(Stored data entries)
---

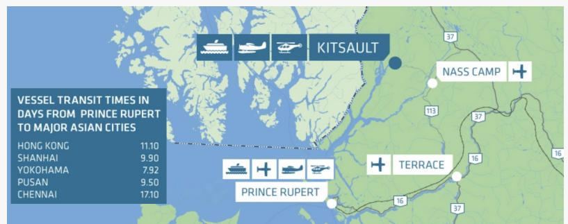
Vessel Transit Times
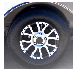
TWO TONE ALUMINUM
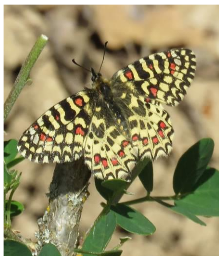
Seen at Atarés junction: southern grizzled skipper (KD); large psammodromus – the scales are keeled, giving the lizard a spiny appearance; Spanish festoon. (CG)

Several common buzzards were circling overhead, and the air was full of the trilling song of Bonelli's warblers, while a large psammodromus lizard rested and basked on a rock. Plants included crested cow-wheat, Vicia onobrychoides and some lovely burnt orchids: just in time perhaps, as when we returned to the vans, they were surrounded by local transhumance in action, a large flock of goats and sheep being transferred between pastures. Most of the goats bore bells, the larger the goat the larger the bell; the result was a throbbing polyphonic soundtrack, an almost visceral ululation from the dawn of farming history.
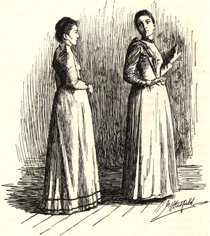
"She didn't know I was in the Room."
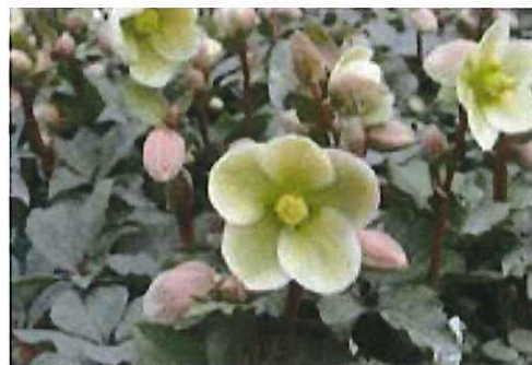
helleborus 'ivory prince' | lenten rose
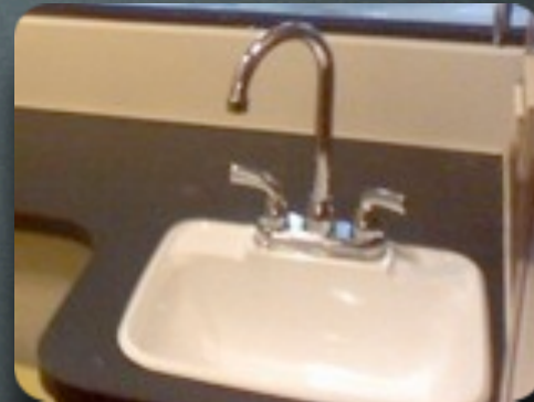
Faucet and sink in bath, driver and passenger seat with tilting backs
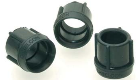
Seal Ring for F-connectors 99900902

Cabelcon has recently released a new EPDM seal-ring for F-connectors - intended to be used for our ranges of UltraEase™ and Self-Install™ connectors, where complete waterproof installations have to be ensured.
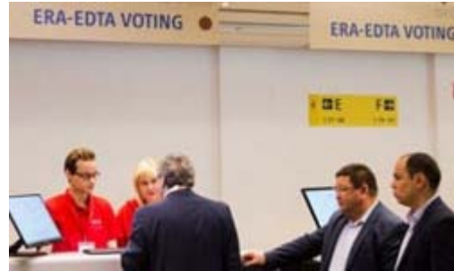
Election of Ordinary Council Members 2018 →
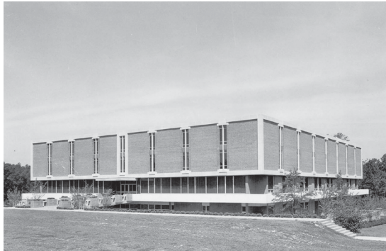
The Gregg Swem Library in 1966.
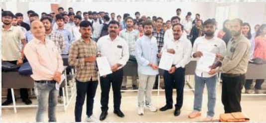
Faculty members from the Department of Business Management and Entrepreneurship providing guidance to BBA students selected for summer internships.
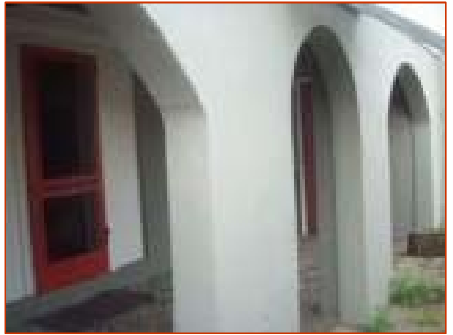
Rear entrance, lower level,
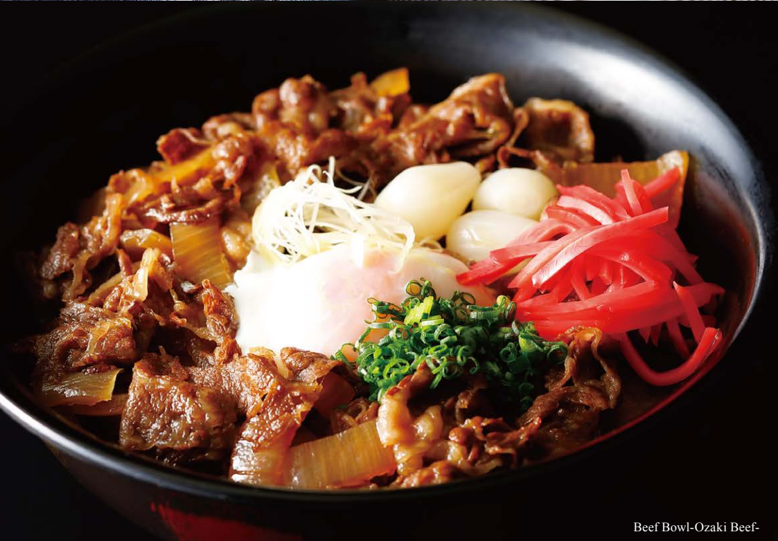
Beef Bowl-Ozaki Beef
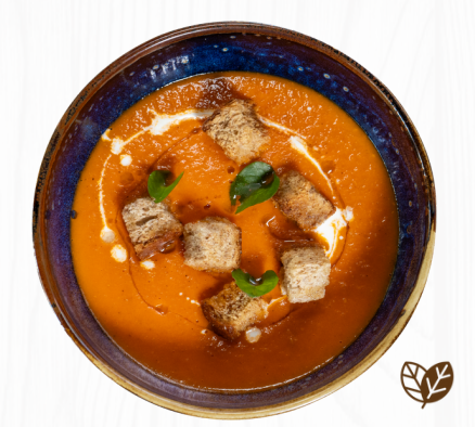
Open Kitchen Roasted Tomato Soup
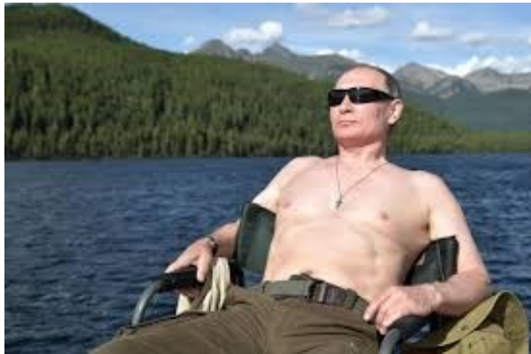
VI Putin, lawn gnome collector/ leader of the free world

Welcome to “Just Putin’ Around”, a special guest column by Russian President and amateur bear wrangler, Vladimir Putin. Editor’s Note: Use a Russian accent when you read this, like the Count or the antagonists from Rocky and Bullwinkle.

---

* TASK REQUIREMENTS *
Carry over each record above character for character, with the pictures left out.

* ANSWER TO THE EXERCISE *
Vessel Transit Times
TWO TONE ALUMINUM
Seen at Atarés junction: southern grizzled skipper (KD); large psammodromus – the scales are keeled, giving the lizard a spiny appearance; Spanish festoon. (CG)

Several common buzzards were circling overhead, and the air was full of the trilling song of Bonelli's warblers, while a large psammodromus lizard rested and basked on a rock. Plants included crested cow-wheat, Vicia onobrychoides and some lovely burnt orchids: just in time perhaps, as when we returned to the vans, they were surrounded by local transhumance in action, a large flock of goats and sheep being transferred between pastures. Most of the goats bore bells, the larger the goat the larger the bell; the result was a throbbing polyphonic soundtrack, an almost visceral ululation from the dawn of farming history.
"She didn't know I was in the Room."
helleborus 'ivory prince' | lenten rose
Faucet and sink in bath, driver and passenger seat with tilting backs
Seal Ring for F-connectors 99900902

Cabelcon has recently released a new EPDM seal-ring for F-connectors - intended to be used for our ranges of UltraEase™ and Self-Install™ connectors, where complete waterproof installations have to be ensured.
Election of Ordinary Council Members 2018 →
The Gregg Swem Library in 1966.
Faculty members from the Department of Business Management and Entrepreneurship providing guidance to BBA students selected for summer internships.
Rear entrance, lower level,
Beef Bowl-Ozaki Beef
Open Kitchen Roasted Tomato Soup
VI Putin, lawn gnome collector/ leader of the free world

Welcome to “Just Putin’ Around”, a special guest column by Russian President and amateur bear wrangler, Vladimir Putin. Editor’s Note: Use a Russian accent when you read this, like the Count or the antagonists from Rocky and Bullwinkle.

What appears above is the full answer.